Gen Y on Online Privacy: More Talk than Action?

2 mins to read

Intercept Group PrivacyA recent study by Red Peak Youth revealed that while 73 percent of 18-24 year old and 80 percent of 25-34 year old respondents said that they are “concerned about online privacy”, only 26% of them actually read privacy policies on websites. As a generation that shops online and widely uses social media to share personal information, this has a few implications. One, it means that millennials are essentially handing over personal data to marketers, since a huge number of websites feature privacy policies that explicitly state that they may sell user information to marketers. Secondly, it shows that Gen Y is more likely to verbalize their dislike of data mining than actually fight it at this point – they want to use these websites, after all, and most of them aren’t reading the associated policies.
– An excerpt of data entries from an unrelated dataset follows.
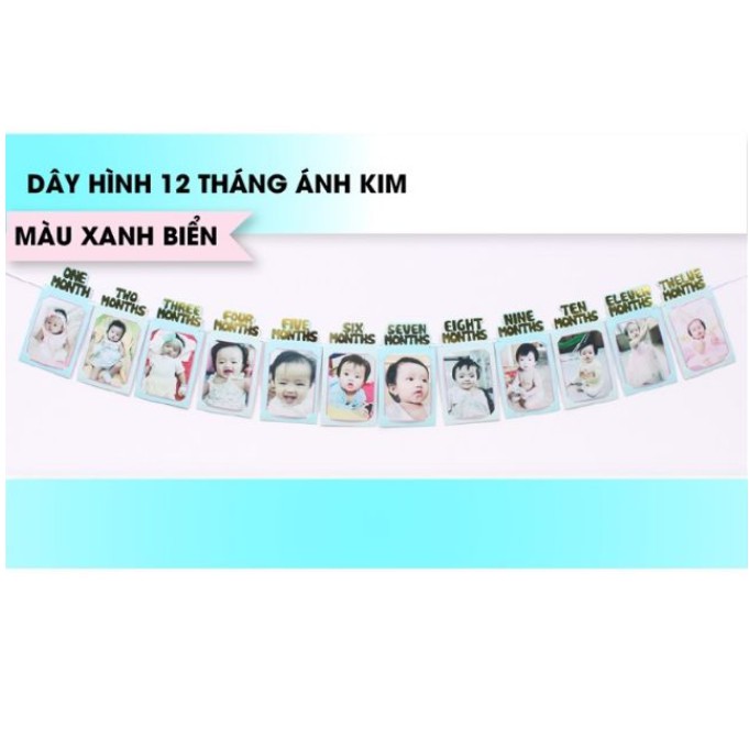 Nhà cửa & Đời sống > Trang trí nhà cửa > Khung ảnh & vật trang trí tường || Dây khung hình Ép kim 12 tháng trang trí sinh nhật thôi nôi bé (kèm dây treo)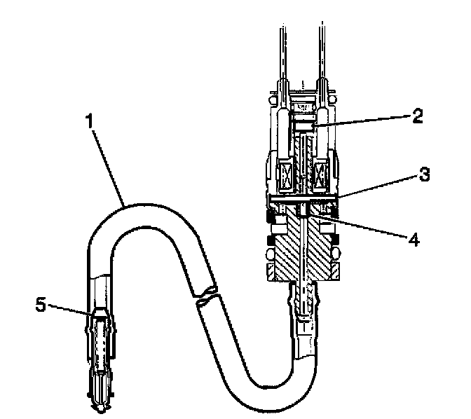 Each fuel injector assembly is a solenoid-operated device, controlled by the VCM. The fuel injector assembly meters the pressurized fuel through a poppet nozzle (5) to a single engine cylinder.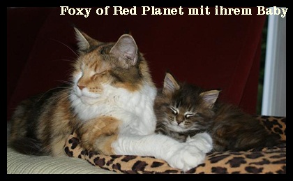 Meine hübsche FOXY hat ein wunderschönes Babys bekommen, sie lebt in einer Maine Coon Zucht in der Schweiz. Lieben Dank Conny für dieses schöne Bild ;o)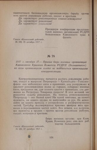 1917 г. октября 27. — Призыв бюро военных организаций Кавказского Краевого Комитета РСДРП (большевиков) ко всем организациям солдат не поддаваться провокациям контрреволюции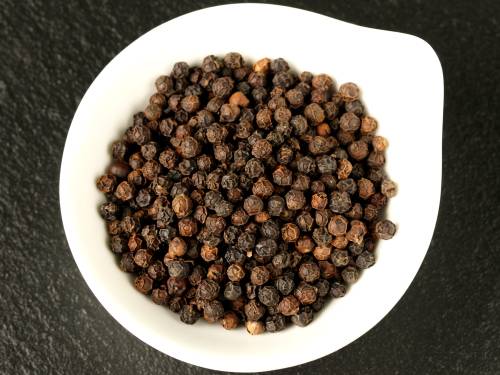Black pepper is a hot, pungent spice that can be used whole or powdered. It is an important ingredient in many spice blends such as garam masala and curry powder. It is used extensively in South Indian dishes where it is used with mustard seeds and curry leaves to add taste and spice to the dish.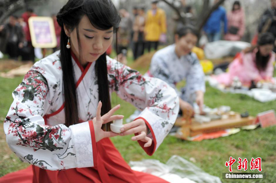 The tea specialists dressed in Han-style clothes present traditional Chinese tea ceremony to the public in East Lake Park in Wuhan, capital of central China's Hubei province, Feb. 23, 2013. (Photo/CNS)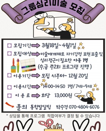 그룹심리미술 참여자 모집 안내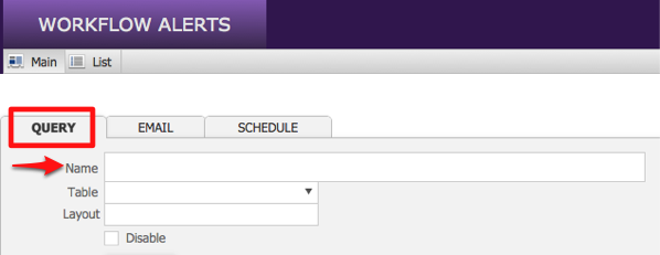 - On the Query tab, enter a name for your alert into the Name field. This is how it will appear in your list of alerts. You will be able to set the message name for the person receiving the alert on the Email tab.
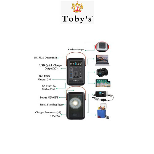 - DC or AC : Integrates with car charger interface. If use Toby’s inverter it can provide both DC and AC output, to satisfy your different needs of charging Low Weight : With leather wristband, the small size of TBS-47A allows you just take it and go. Not only for car but outdoor activities.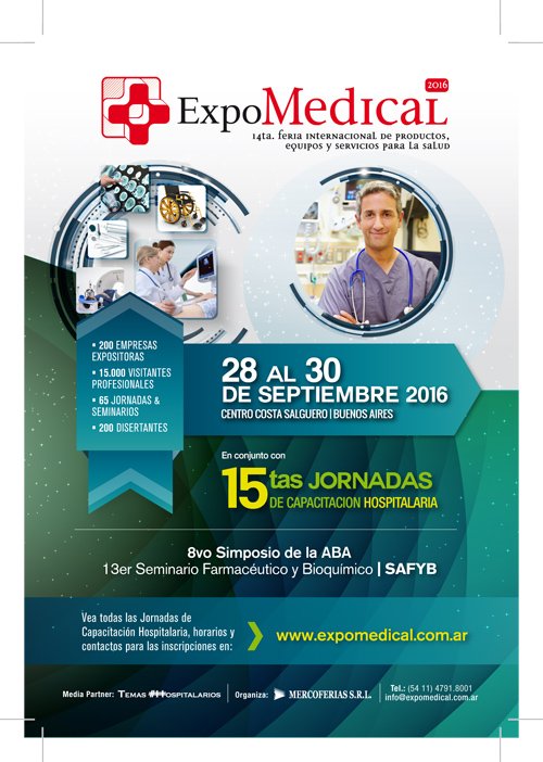 Con alrededor de 200 expositores, toda la tecnología al servicio de la Salud será expuesta, del 28 al 30 de septiembre de 2016 en los pabellones del Centro Costa Salguero, Buenos Aires, y con una convocatoria de más de 15.000 visitantes profesionales.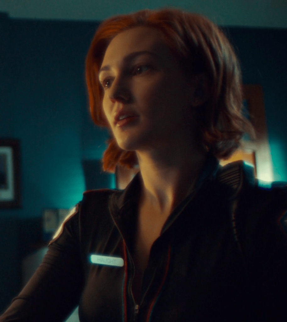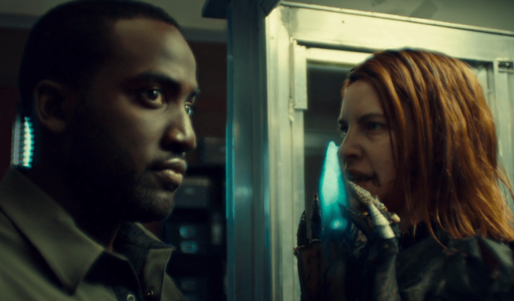 Back with Jeremy somewhere in alt-Purgatory, Rosita shows up and puts a gun to his head and asks if he’s lost. He asks if she’s the asset. She tells him to call her Rosie and says that Dolls didn’t make the rendezvous, and does this mean that…yes, Jeremy says, affirming that Dolls is dead, that Doc shot him but that Doc is dead, too. Good, Rosie says. Jeremy tells Rosie that he thinks BBD has been lying to them. He says that Holliday KNEW things and Rosie scoffs but then Jeremy asks her how she ended up working for BBD, how she ended up embedded in Doc’s gang, and hell, what she ate for breakfast and she tries, but can’t and he immediately thinks it’s mind-altering drugs in the water supply.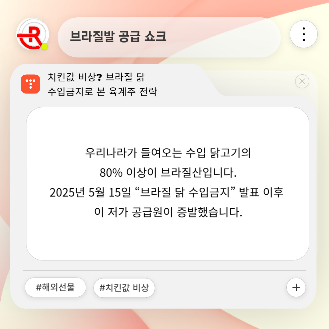 우리나라가 들여오는 수입 닭고기의 80% 이상이 브라질산입니다. 2025년 5월 15일 “브라질 닭 수입금지” 발표 이후 이 저가 공급원이 증발했습니다. 프랜차이즈 본사들은 긴급 대체 수급선을 찾느라 분주했고, 소비자는 SNS에 ‘치킨 3만 원 시대’라는 우스갯소리를 올렸죠. 국내 육계주 거래량도 급증했습니다.

It’s a matter of convenience over a desire for online privacy, despite it being presented as a major concern among youth.
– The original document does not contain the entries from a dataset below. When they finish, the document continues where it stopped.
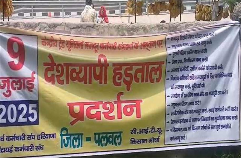 09 जुलाई 2025 : हरियाणा में केंद्रीय ट्रेड यूनियनों और कर्मचारी संघों के आह्वान पर बुधवार को कर्मचारी व मजदूर संगठन हड़ताल पर चले गए हैं। प्रदेश के 40 से अधिक विभागों के कर्मचारियों के अलावा 55 बोर्ड और निगमों के 3 लाख कर्मचारी हड़ताल में शामिल हुए। जानते हैं जिले वार इस हड़ताल का असर…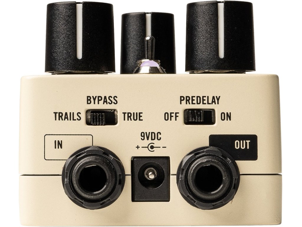 To pedał efektów gitarowych z emulacją trzech ikonicznych studyjnych cyfrowych pogłosów – Room, Small Hall i Large Hall z lat 80., które do dziś mają znaczący wpływ na charakter wielu cenionych miksów. Mod oferuje charakter pogłosu, trzypasmowe korekcje Bass, Mid, Treble dopasowują barwę, a Mix ustawia proporcje między efektem a sygnałem bezpośrednim. Przełącznik Bypass True/Trails umożliwia płynne wybrzmiewanie reverbu nawet po wyłączeniu efektu, a Predelay opóźnienie rozpoczęcia reverbu.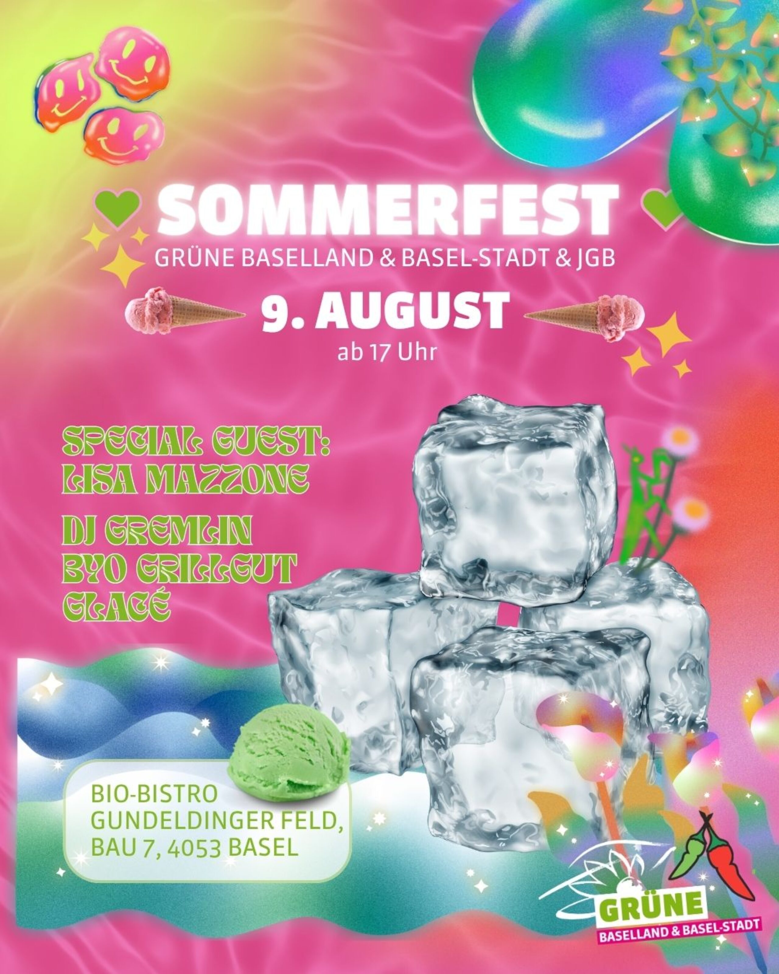 Packt eure Wasserpistolen ein, bringt eure Liebsten mit und lasst uns gemeinsam Glacé schlecken, diskutieren, tanzen – und vor allem gemeinsam eine gute Zeit haben. 💚

But things change and concerns can grow over time, going from something we complain about to something we fight for. So, should brands just go ahead and data mine as much as they can, while they can? The answer is no – not if you want to stay on top with millennials. This is a generation that cares about company ethics and morals, and who broadcast their opinions online. They may not be taking notice in great numbers now, but as public concern grows and the government gets involved, they will notice privacy policies and judge them accordingly. Instead of taking advantage, make strides toward winning with Gen Y by creating a clear, honest privacy policy that is easy to read and understand. As online privacy becomes more of an issue and firmer regulations start to take shape, be ready – if you’re already in good standing with consumers and have nothing to hide, you’ll have nothing or little to change when millennials do take action. This could very well mean the difference between creating brand loyalty that lasts vs losing consumers to broken trust. Plan now – win later.